Sybase updates SQL Anywhere database

The iAnywhere Solutions unit of Sybase has started shipping a beta release of Version 10 of its SQL Anywhere embeddable database, which promises improved performance and new backup features.

The SQL Anywhere beta comes nearly three years after SQL Anywhere 9 became available, said Breck Carter, a database consultant at Rising-Road Professional Services in Toronto and author of a SQL Anywhere manual.

The typical gap between releases of the database has been 18 months, he said.

Uno Money Transfers runs SQL Anywhere as its corporate database on Microsoft's Windows Server 2003 operating system. SQL Anywhere manages the Miami-based financial services firm's 40GB database, which handles all of its international money transfers, according to Luiz Paulo, vice president of technology at the company.

Paulo said he plans to upgrade to the new version to use its new data-mirroring capabilities for safe backups and for its intraquery parallel-computing feature, which will speed transactions on Uno's four-way Xeon server.

New Features

The new version of the data-base also adds encryption capabilities, support for materialized views for faster access, new performance-analysis tools for developers and the ability to split up large queries among multiple proc-essors, said Chris Kleiseth, iAnywhere's senior director of engineering. Version 10 also adds integration with Microsoft's Visual Studio .Net 2.0 environment and support for the Symbian operating system, Kleiseth said.

SQL Anywhere has so far been deployed 10 million times, according to Dublin, Calif.-based Sybase.

Intuit, which embeds SQL Anywhere 8 in its QuickBooks 2006 accounting software, expects to use the revised database in a future version of its software, said Tim Child, director of engineering at Intuit.

Child said he is impressed with Version 10's database- encryption feature and its snapshot-isolation feature, which he says allows for high-speed reporting.

The beta of SQL Anywhere 10 runs on Windows and Linux. Sybase plans to ship a final version for those two operating systems in the third quarter.
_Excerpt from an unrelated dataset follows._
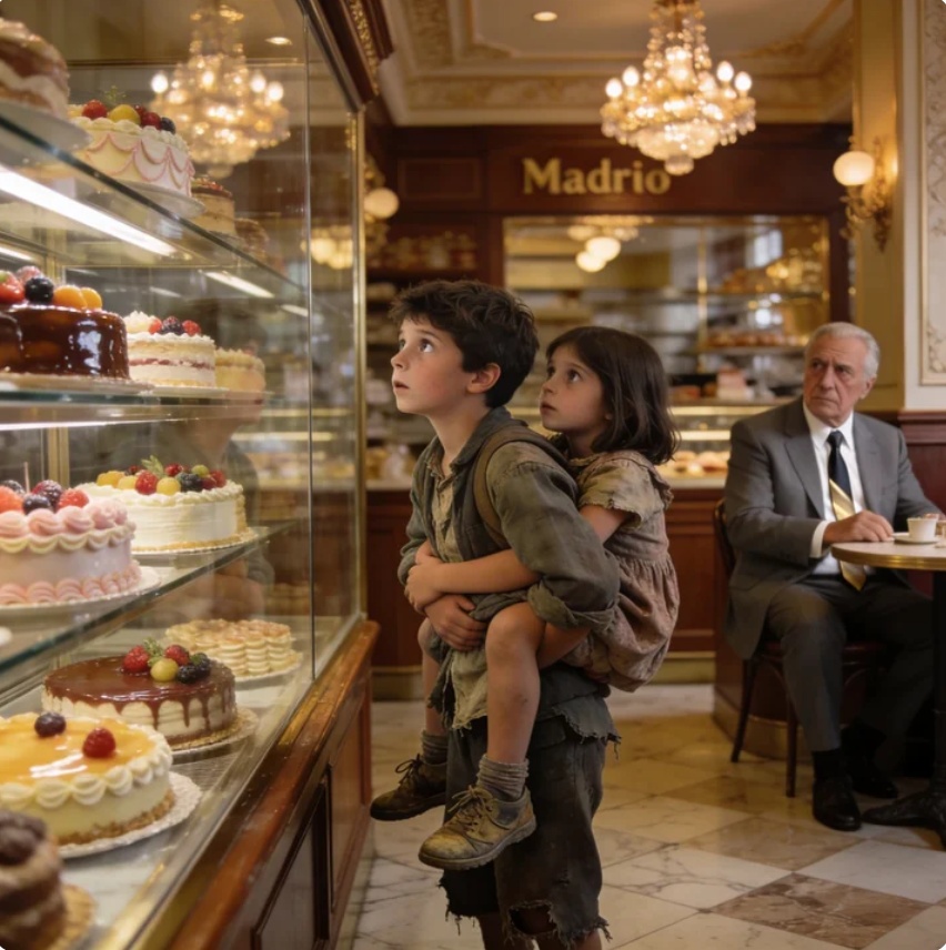 The warm scent of fresh pastries wrapped around them the moment the door closed behind them—layers of butter, sugar, and something impossibly soft. Glass displays shimmered under golden lights, filled with cakes so perfect they looked untouchable. People laughed softly over porcelain cups, unaware that, for two small children, this place might as well have been another world.
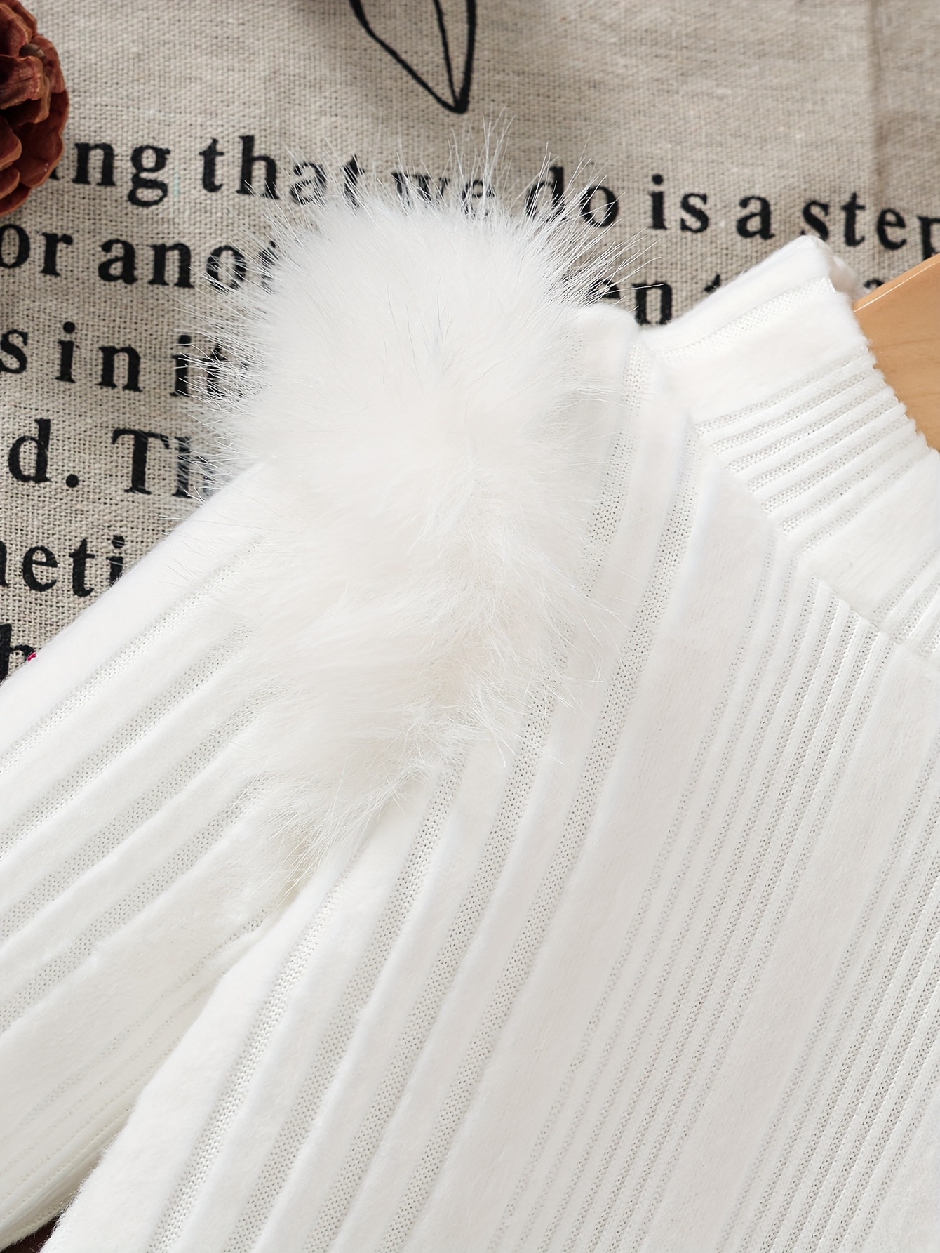2pc Fluffy Sleeve Smock Dress Winter Set

Final versions for Solaris and the Macintosh will ship in the following quarter, said Kleiseth.

Wayne Kernochan, an analyst with Lexington, Mass.-based Infostructure Associates, called the new features in the beta release "quite sophisticated, many of them worthy of the major enterprise databases.... I would view this as a sign that Sybase has figured out how versions of those features can aid mobile workers, and the Sybase iAnywhere folks continue to be innovative -- as they have many times before."

In the mobile database arena, SQL Anywhere remains ahead of its equivalents from the big database vendors such as Microsoft, Oracle and even IBM, Kernochan said, because Sybase "has been able to show that 'one database vendor per organization' costs more in these markets, and because these markets care less about standardization than cost."